Re: Jira is the single source of suckage
I am a Red Hat user both at work and personally, and have been for many, many years. I have many years of experience with Bugzilla and JIRA. I have been through a few Bugzilla-to-JIRA transitions. I can only regard them as complete madness.
The "suckage" link above is good, but it's mostly about UI/UX (not only). JIRA was apparently created by people who don't understand SW development and failed - or never took - data structures at college. The most important (the only really important?) relationship between tickets is what blocks what - that determines a partial order. The appropriate data structure is a tree (or, more generally, a lattice). Bugzilla, with a simple plugin, allows one to view the dependencies graphically, as a tree, which is immensely useful. JIRA diesn't - I've been looking for years for the feature since it is so useful.

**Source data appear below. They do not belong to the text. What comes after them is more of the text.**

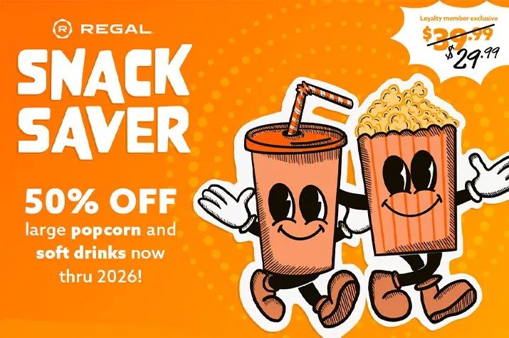 For a limited time, get the 2026 Snack Saver for just $29.99! Enjoy 50% off large popcorn and soft drinks all year long. Available for purchase in theatre only.
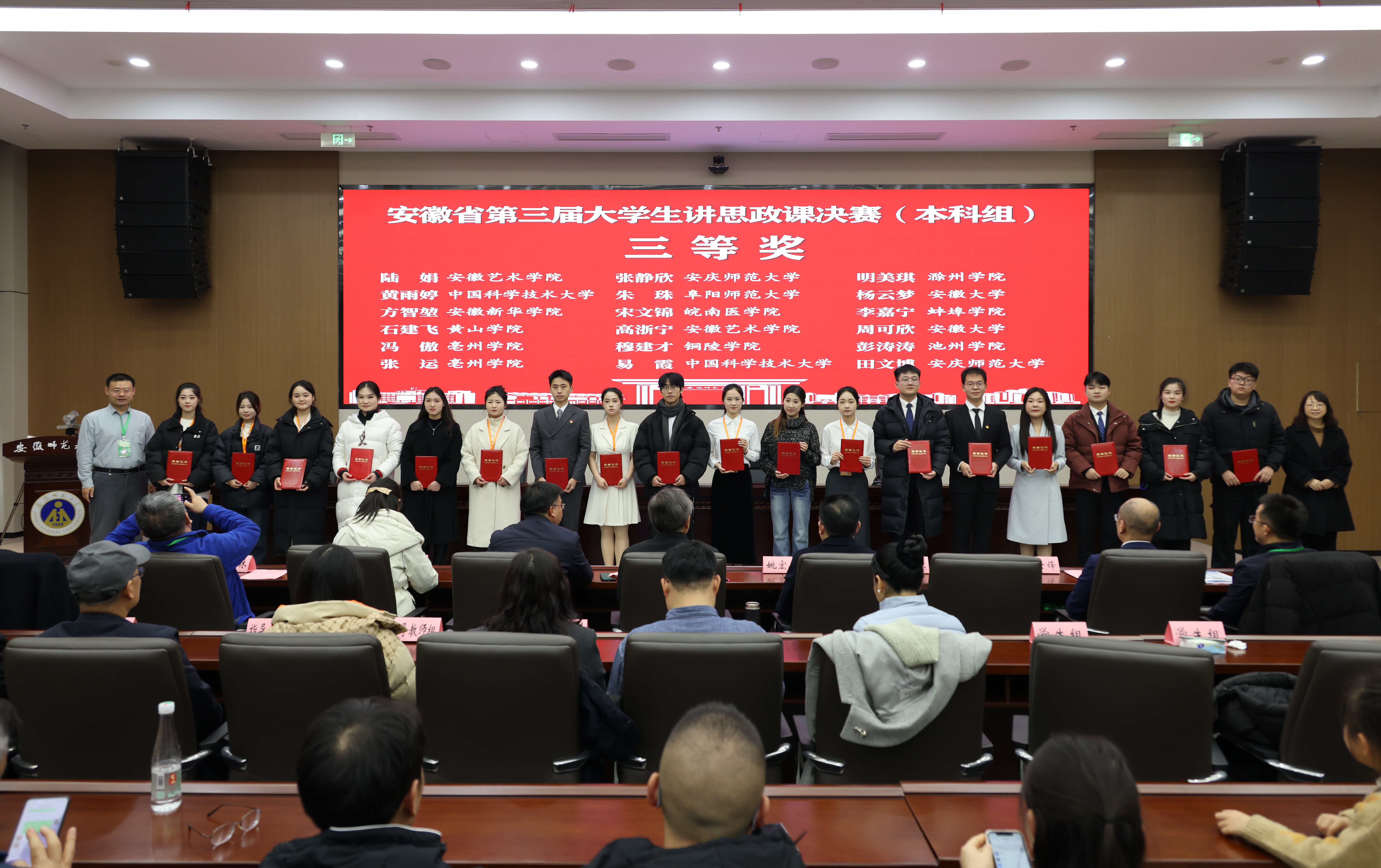 为深入学习贯彻习近平总书记对学校思政课建设作出的重要指示批示精神,全面落实新时代学校思政课建设推进会精神,深化思政课改革创新,着力推进“大思政课”建设,由中共安徽省委教育工委主办,教育部高校思想政治工作队伍培训研修中心(安徽师范大学)、安徽师范大学马克思主义学院承办的,以“七十五载薪火传承•千秋伟业奋斗有我”为主题的安徽省第三届大学生讲思政课决赛12月25日在芜湖举行。来自皖南、皖中、皖北三个片区赛推荐的全省30所高校的45支参赛队伍参加本科组决赛。经过激烈角逐,我校在皖中片区赛脱颖而出并入围省赛的4支队伍分别获特等奖1项,一等奖1项,三等奖2项。这是我校学子连续三届斩获省决赛特等奖。贺思源、杨梦娇、胡克春、杨婷婷等4名教师获优秀指导教师。
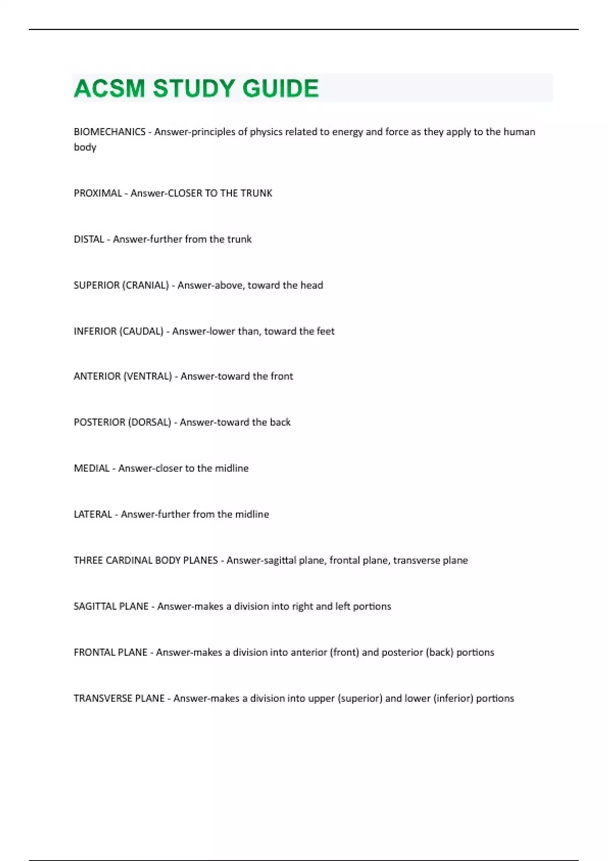 ACSM STUDY GUIDE (QUESTIONS & ANSWERS) GRADED A+
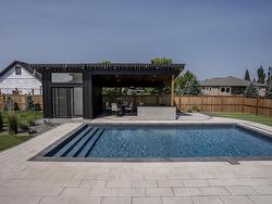 STATE OF THE ART RESIDENCE, BUILT EXCLUSIVELY BY C.KELOS HOMES LTD. With classic designer décor throughout, this 3+2 bedroom home, is truly one of a kind. Every feature of this home has been created with quality and care. High end finishes, top of the line appliances and all the extras you would expect in such a prestigious home. The Malibu rear yard features a 16 x 32 saltwater pool with outdoor kitchen and modern cabana. Your whole family will enjoy the outdoor hot tub, wood burning firepit, and enormous fenced yard. The heated, 1200 sq.ft., 3 car garage is perfect for all the toys big and small! An extensive feature sheet is available, with all the rest of the impressive details of this spectacular residence.
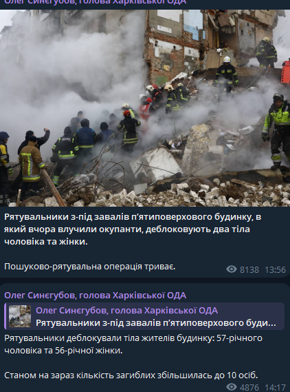 Вчера глава Харьковской ОВА сообщил, что после ракетной атаки "фактически нет целого квартала".
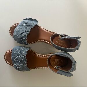 Franco Sarto Blue and Tan Espadrille Wedges with Jute Heel

Bugzilla search and filtering is a lot saner, too. Usually no quasi-SQL queries are involved (not a big problem for me, but too often I've seen managers ask developers to create and save useful JIRA queries).
As the above link mentions there is no real difference between tasks, bugs, stories, etc. They are all things you need to do. The workflow is exactly the same. They can't really be treated differently by anyone. Inexperienced product managers often decide to make features to be developed "tasks" and bugs to be fixed - "bugs". They can't avoid mixing them, however. E.g., one can't prioritize them separately: for each new release there is a bunch of features and a bunch of fixes that customers are waiting for that will consume the same (human) "resources". If any need to be deferred or discarded - which?
And it what may be the biggest (or at least most annoying) workflow problem of all (if it was mentioned in the UI/UX link I missed it): both Bugzilla and JIRA notify you of changes/comments/etc. by email. So you get an email and see someone's comment - what do you do? With Bugzilla you can just reply to the rmail you've just got, keeping the necessary context, and your response will appear as a comment in the ticket. If you send a mail to someone or a group of people, even customers, that is related to a ticket you can just Bcc Bugzilla and add the ticket number in the subject you mail will appear as a comment, etc.
With JIRA you need to switch the interface (between mail and web), possibly more than once, just to react to a comment. In my case, since I work mostly on Linux (yes, mostly Red Hat), but for reasons of "organizational compatibility" (compatibility done backwards, of course) I do mail and some other administrative tasks on a Windows VM I need to switch VMs, virtual desktops, etc. Terrible waste. To be fair, you can email JIRA and make some garbage appear as a comment, but it will be malformed garbage. I have tried using JIRA's markdown to improve formatting - it didn't work.
In short, while it is possible that Red Hat can make it work with a tonne of customizations, etc., I think they are still mad to make this move. Or maybe just not forceful or effective enough to LART some sense into their IBM-minded bosses. Disclaimer: I am a former IBMer as well, and I did run undeclared team/department git and Bugzilla servers there. Well, before JIRA was a thing you could use. Besides, maybe it was just easier in Research.